After Charterhou­se he went to Oxford University, also studying in Paris and Perugia in Italy, before joining the BBC in Bristol in the early Sixties.

Did he land his first job because he was the son of Richard Dimbleby, perhaps the most popular broadcaste­r of the immediate post-war years? Probably. But it would be quite wrong to suggest that David or his brother Jonathan, also a BBC presenter, owe their careers to nepotism.

They would not have been so successful if they had lacked talent, and David would not have been entrusted with commentati­ng on events such as Princess Diana’s funeral and election night broadcasts.

For years, David — the eldest child — had to endure being described as Richard Dimbleby’s son, long after many viewers had forgotten Dimbleby Sr (who died in 1965).

So far as I know, David never resented that. In fact, he has been a proud defender of his father’s memory. Perhaps the old man taught him something of his effortless ease around politician­s.

There have been memorable moments already this year on Question Time, including his recent ejection of a Left-wing member of the public who was making a nuisance of himself. This won cheers and it should, one hopes, be a caution to QT producers not to try to whip their audiences into a frenzy.

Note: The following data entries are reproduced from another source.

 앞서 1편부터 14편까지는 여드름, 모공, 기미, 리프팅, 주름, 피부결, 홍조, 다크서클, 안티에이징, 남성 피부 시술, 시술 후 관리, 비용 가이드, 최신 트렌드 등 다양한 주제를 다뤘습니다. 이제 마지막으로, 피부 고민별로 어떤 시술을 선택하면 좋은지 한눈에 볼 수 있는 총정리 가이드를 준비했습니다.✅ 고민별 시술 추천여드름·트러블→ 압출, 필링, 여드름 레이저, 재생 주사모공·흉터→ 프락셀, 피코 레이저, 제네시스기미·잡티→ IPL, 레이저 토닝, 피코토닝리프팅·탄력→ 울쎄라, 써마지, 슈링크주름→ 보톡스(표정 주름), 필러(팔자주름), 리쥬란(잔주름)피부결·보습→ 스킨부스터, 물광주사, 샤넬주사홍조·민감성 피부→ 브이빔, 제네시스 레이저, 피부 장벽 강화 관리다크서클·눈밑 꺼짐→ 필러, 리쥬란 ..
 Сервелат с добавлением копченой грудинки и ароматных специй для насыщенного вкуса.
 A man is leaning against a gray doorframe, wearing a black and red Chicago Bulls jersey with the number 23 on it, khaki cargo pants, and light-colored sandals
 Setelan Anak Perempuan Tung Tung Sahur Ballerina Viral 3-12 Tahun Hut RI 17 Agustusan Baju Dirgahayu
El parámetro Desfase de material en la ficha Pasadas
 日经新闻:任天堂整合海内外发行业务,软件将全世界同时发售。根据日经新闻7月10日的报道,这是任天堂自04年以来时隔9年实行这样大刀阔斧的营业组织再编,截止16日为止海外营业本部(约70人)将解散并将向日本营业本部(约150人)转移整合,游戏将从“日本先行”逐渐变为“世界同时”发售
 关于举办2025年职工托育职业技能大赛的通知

A production assistant once confessed to me that QT selects audience members for the vehemence of their views, as the shouting is ‘good telly’. Dimbleby may have taken a more mature view that it just made the show look oafish.

Tease

Then there was the time he tried lightly to tease Tory MP Jacob Rees-Mogg for being pukka, and Rees-Mogg replied that he had been at Eton with one of Dimbleby’s sons. Dimbleby took the riposte well. He could laugh at himself.

Some Brexiteers and some Labour supporters claimed Dimbleby was a wet Tory. But it is hard to make a convincing charge of bias against him from what he said in the studio.

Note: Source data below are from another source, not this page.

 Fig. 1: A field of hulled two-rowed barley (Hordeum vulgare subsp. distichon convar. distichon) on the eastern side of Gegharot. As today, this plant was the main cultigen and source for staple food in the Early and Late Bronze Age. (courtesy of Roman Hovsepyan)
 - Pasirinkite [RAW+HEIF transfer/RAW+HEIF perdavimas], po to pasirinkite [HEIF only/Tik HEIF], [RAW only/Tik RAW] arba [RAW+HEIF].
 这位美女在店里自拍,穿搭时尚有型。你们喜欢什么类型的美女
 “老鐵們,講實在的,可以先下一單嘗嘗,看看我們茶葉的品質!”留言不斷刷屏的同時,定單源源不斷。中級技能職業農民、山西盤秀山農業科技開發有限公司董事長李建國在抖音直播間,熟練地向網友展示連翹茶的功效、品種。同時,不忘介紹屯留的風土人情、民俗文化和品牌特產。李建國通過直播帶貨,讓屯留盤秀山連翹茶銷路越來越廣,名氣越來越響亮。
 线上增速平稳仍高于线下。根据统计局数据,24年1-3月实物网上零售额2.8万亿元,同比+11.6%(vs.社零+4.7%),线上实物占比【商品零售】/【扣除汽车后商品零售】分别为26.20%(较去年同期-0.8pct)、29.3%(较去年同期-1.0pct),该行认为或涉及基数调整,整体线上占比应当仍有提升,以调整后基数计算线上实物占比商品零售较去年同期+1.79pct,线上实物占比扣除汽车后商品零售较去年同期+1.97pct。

For someone who spent so many hours in front of a live camera, he managed to keep his personal views remarkably quiet. And when he announced the result of the EU referendum in 2016, it wasn’t possible to tell what he felt about it. His performanc­e was spotless.

Dignified, profession­al, reassuring­ly avuncular, he has been a steadying presence at our great national occasions and through some years of tempestuou­s politics. The BBC will miss him badly.

The nation should, too, for he is one of the last of the generation of broadcaste­rs of genuine stature who reassure us that we are celebratin­g or mourning together.

That kind of presence is sometimes only appreciate­d when it is absent, as with the Queen’s Diamond Jubilee river pageant in 2012, almost spoiled by the inanity of much younger BBC presenters. And if there is one thing David Dimbleby has never been, it’s inane.